BEIRUT (Reuters) -Lebanon's central bank will adopt an exchange rate of 15,000 Lebanese pounds per U.S. dollar as of Feb. 1 as part of a process to unify the country's multiple exchange-rate system, Lebanese central bank governor Riad Salameh said on Monday.
The central bank's official rate has been set at 1,507 pounds per U.S. dollar for 25 years but that valuation has become all but defunct since a 2019 financial implosion that has caused the currency to lose more than 95% of its value.
The parallel market exchange rate was hovering at around 39,000 pounds per dollar on Monday.

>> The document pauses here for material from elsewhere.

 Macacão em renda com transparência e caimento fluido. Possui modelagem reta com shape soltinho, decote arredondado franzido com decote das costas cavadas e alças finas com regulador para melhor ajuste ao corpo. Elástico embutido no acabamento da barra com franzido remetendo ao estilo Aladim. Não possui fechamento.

"We have now entered the process of unifying exchange rates ... the central bank will deal with markets using the price of 15,000 starting form the beginning of February 2023," Salameh said in an interview with U.S.-based Al-Hurra TV.
In addition to official and parallel market exchange rates, authorities have created several others during the crisis, including unfavourable rates applied to withdrawals of Lebanese pounds from hard currency deposits in the frozen banking system.

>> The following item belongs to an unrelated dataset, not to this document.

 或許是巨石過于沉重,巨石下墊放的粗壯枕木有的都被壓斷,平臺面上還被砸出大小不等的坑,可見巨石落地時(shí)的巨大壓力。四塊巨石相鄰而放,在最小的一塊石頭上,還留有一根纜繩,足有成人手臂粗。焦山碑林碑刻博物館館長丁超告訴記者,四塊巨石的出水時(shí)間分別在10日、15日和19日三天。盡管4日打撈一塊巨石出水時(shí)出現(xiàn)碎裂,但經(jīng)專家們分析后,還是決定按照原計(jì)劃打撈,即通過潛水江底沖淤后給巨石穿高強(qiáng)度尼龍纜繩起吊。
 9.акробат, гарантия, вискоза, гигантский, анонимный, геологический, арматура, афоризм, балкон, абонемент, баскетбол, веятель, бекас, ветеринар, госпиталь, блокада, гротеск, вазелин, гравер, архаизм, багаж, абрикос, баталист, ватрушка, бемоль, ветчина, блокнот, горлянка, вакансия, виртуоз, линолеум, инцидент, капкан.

Salameh said the rate for withdrawals governed by central bank circulars would be brought up to 15,000 pounds as of Feb. 1.
The central bank would then have just two rates, Salameh said: 15,000, and a rate set by the central bank's Sayrafa exchange platform, which sat at around 30,000 pounds per dollar on Monday.
Lebanon's crisis was caused by decades of profligate spending by a state riddled with corruption and waste, together with unsustainable financial policies.
Depositors have paid a big price, and have been mostly unable to access dollar savings or forced to make withdrawals in pounds at unfavourable rates.
Progress has been slow, meanwhile, on reforms that would help finalize a deal with the International Monetary Fund (IMF) to unlock funding to help ease the crisis.